Task to carry out: A faithful transcription of all the entries below is needed, without the pictures.

Information provided:
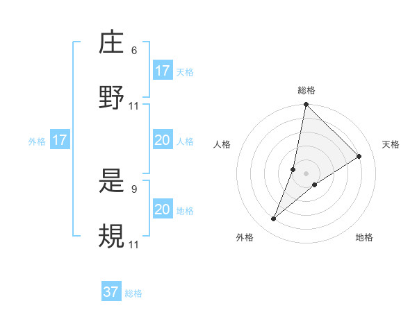 庄野 是規さんの外格は17画の4点!
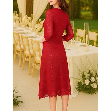 Sukienka w kształcie litery A o długości herbacianej kolumnowa sukienka sukienka na studniówkę sukienka na przyjęcie sukienka dla matki panny młodej z rękawem 3/4 dekoltem w kształcie V elegancka w
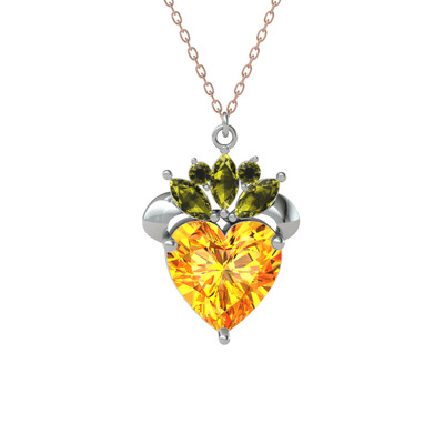 Sitrin ve peridot 925 ayar gümüş kolye (40 cm gümüş rolo zincir)
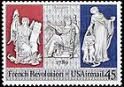 На авиапочтовой марке, посвящённой двухсотлетию Великой французской революции, аллегорически изображающей её девиз «Свобода, равенство, братство», цвета республиканского французского флага даны в обратном порядке. Хотя, возможно, это и не ошибка, так как в тот период порядок цветов не был жёстко регламентирован (это было сделано лишь Наполеоном Бонапартом).
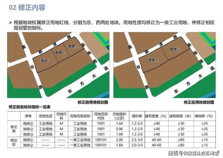 修正内容:将地块分割为两块工业用地,并修正地块规划管控指标。
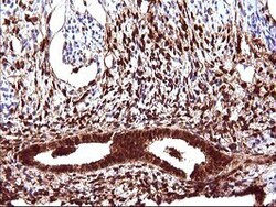 - Immunohistochemical staining of paraffin-embedded human endometrium tissue within the normal limits using anti-LGALS3 mouse monoclonal antibody (TA506401) at 1:150 dilution.
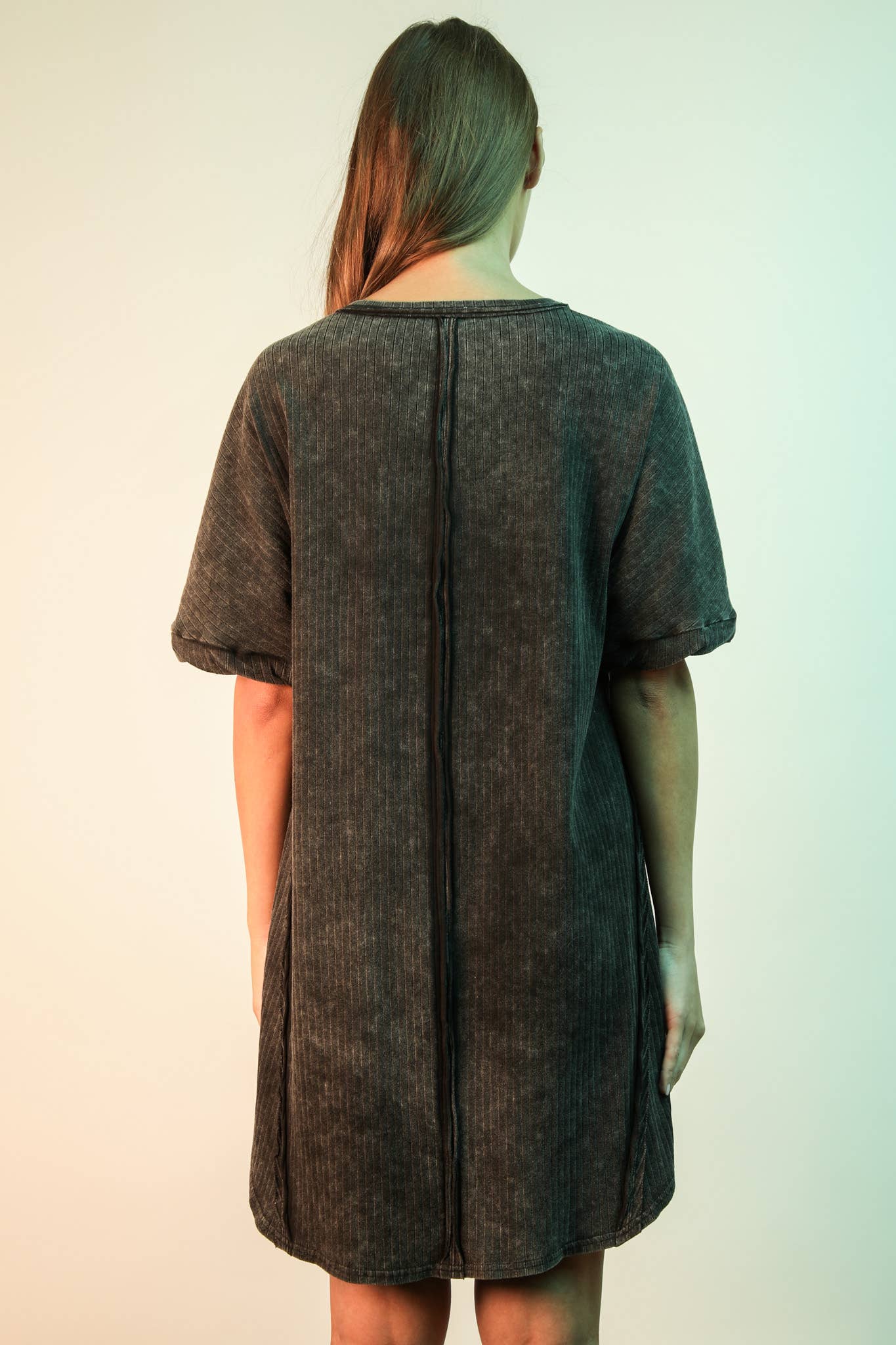 Mineral Washed Ribbed Knit Shift Mini Dress
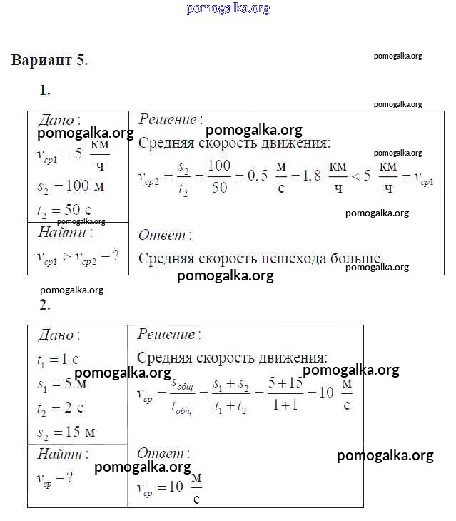 Готовые ответы - Физика 7 класс Дидактические материалы Марон А.Е. (к уч. Перышкина) - ср №-2 самостоятельная работа Вариант №5
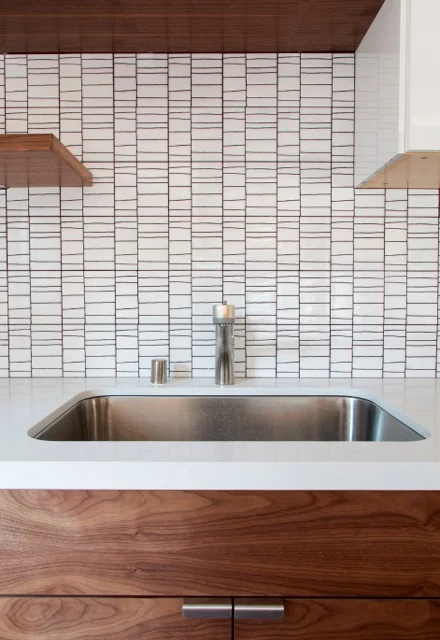 Kitchen: Cooks will delight in the the stainless steel appliances - including professional gas range, dishwasher and spacious side-by-side refrigerator. Kitchen's beautiful backsplash feature tile made by a local ceramicist. Mid century fanatics will appreciate the original, refinished floating cabinet with hairpin leg.
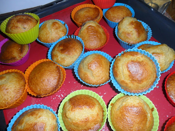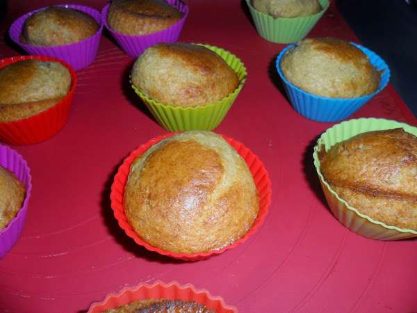 Dejar reposar la masa unos 10 minutos y repartir en los moldes ligeramente engrasados, yo los puse en silicona.
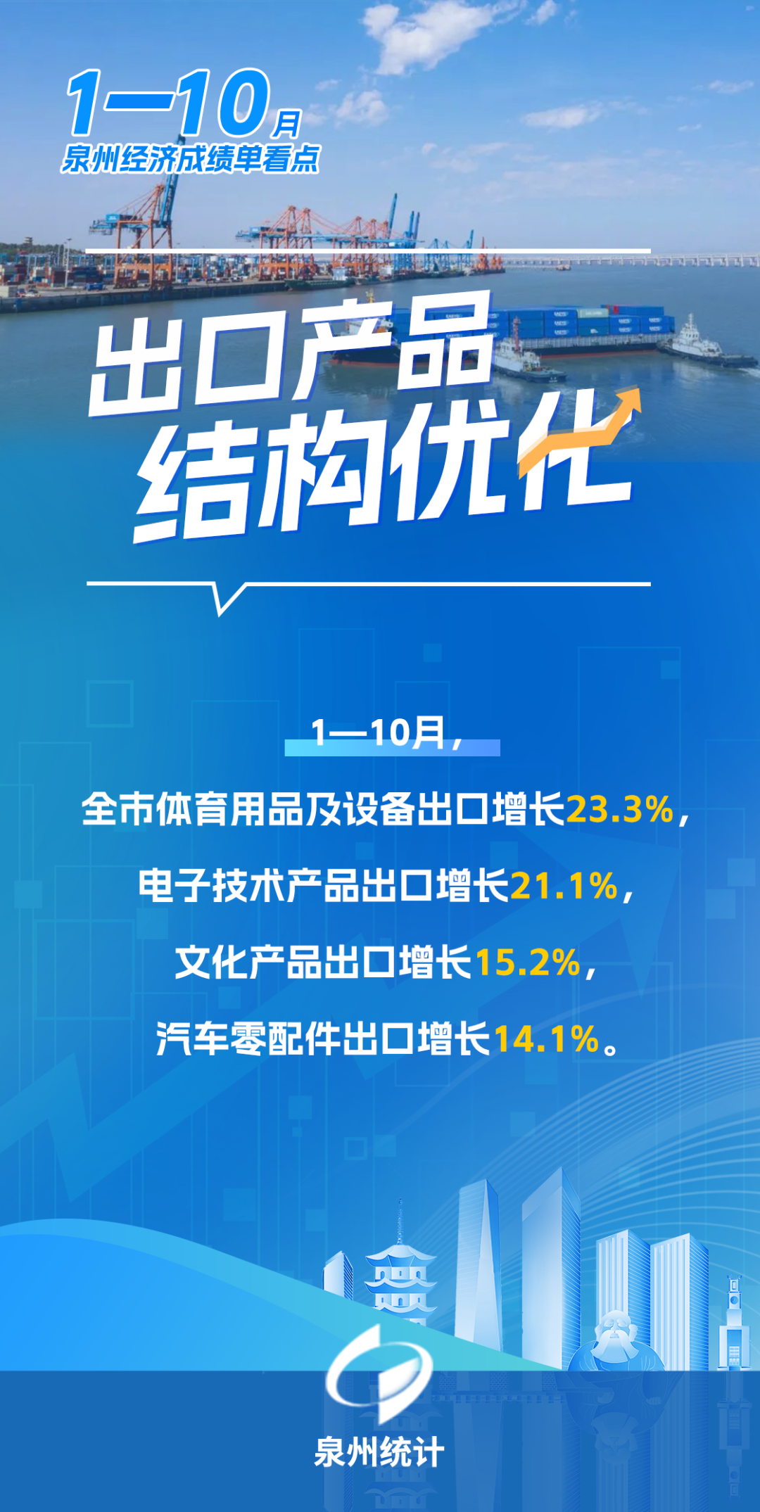 三是出口产品优化升级。1—10月,全市体育用品及设备出口增长23.3%,电子技术产品出口增长21.1%,文化产品出口增长15.2%,汽车零配件出口增长14.1%。

Your solution:
 庄野 是規さんの外格は17画の4点!
 Sukienka w kształcie litery A o długości herbacianej kolumnowa sukienka sukienka na studniówkę sukienka na przyjęcie sukienka dla matki panny młodej z rękawem 3/4 dekoltem w kształcie V elegancka w
 Sitrin ve peridot 925 ayar gümüş kolye (40 cm gümüş rolo zincir)
 На авиапочтовой марке, посвящённой двухсотлетию Великой французской революции, аллегорически изображающей её девиз «Свобода, равенство, братство», цвета республиканского французского флага даны в обратном порядке. Хотя, возможно, это и не ошибка, так как в тот период порядок цветов не был жёстко регламентирован (это было сделано лишь Наполеоном Бонапартом).
 修正内容:将地块分割为两块工业用地,并修正地块规划管控指标。
 - Immunohistochemical staining of paraffin-embedded human endometrium tissue within the normal limits using anti-LGALS3 mouse monoclonal antibody (TA506401) at 1:150 dilution.
 Mineral Washed Ribbed Knit Shift Mini Dress
 Готовые ответы - Физика 7 класс Дидактические материалы Марон А.Е. (к уч. Перышкина) - ср №-2 самостоятельная работа Вариант №5
 Kitchen: Cooks will delight in the the stainless steel appliances - including professional gas range, dishwasher and spacious side-by-side refrigerator. Kitchen's beautiful backsplash feature tile made by a local ceramicist. Mid century fanatics will appreciate the original, refinished floating cabinet with hairpin leg.
 Dejar reposar la masa unos 10 minutos y repartir en los moldes ligeramente engrasados, yo los puse en silicona.
 三是出口产品优化升级。1—10月,全市体育用品及设备出口增长23.3%,电子技术产品出口增长21.1%,文化产品出口增长15.2%,汽车零配件出口增长14.1%。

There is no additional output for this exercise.